Sachin Mahajan MobileLive & ex-TELUS

Its 2001, Apple is readying up to launch an iconic product & experience revolutionizing the portable music player industry. The product is named unconventionally, as the iPod. Steve Jobs has been intrinsically involved in the design, user experience and even the minutest detail such as the color of the iPod…..to this end they were conducting focus groups to better understand which iPod color might be the primary choice of shoppers, and hence to launch in. Over a period of 2 days and intense discussions later the focus groups came back with the unanimous decision on the color – “Yellow”. The product management team thanked the focus group members for having spent their time and as a gesture of their gratitude asked the participants to pick an iPod, of their choice, on the way out  80% of them chose white!

Data often tells a story which is contrary to what people say….some of the big data analytical tools give us the latitude of looking for patterns rather than making us all anthropologists trying to observe people’s behaviour and try to differentiate between what they say vs what they actually do.  How many of you would have believed that with the launch of the white iPhone, the sales of white cars would have gone up in LA; I wouldn’t have.

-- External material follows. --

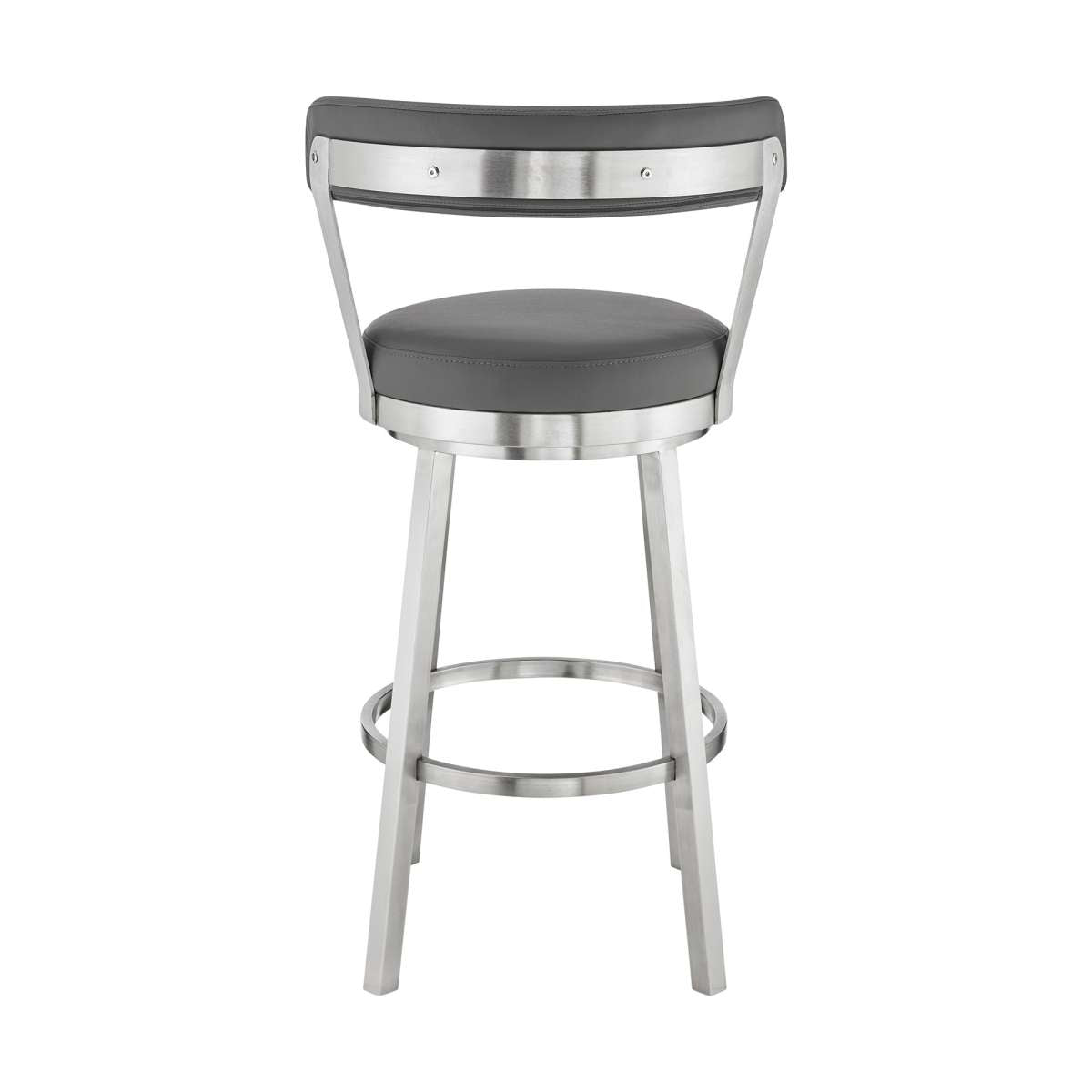 Kobe 30" Bar Height Swivel Bar Stool in Brushed Stainless Steel Finish and Gray Faux Leather By Armen Living

But apparently- women like to match their colors; again big data would have allowed us to make such predictions.

I stumbled upon the following graph from Gartner, indicating that IoT had recently nudged Big Data from the “Peak of Expectations” into the “trough of disillusionment”. Not sure I completely agree with the chart since one in six (15 %) consumers already use wearable tech today, such as smart watches and fitness bands, making me believe IoT doesn’t fit the mould of Gartner’s previous predictions- where largely  <5% adoption existed well into the “Slope of Enlightenment”. Either way IoT & Big Data have arrived and if we marry the two together- we definitely have a winning proposition.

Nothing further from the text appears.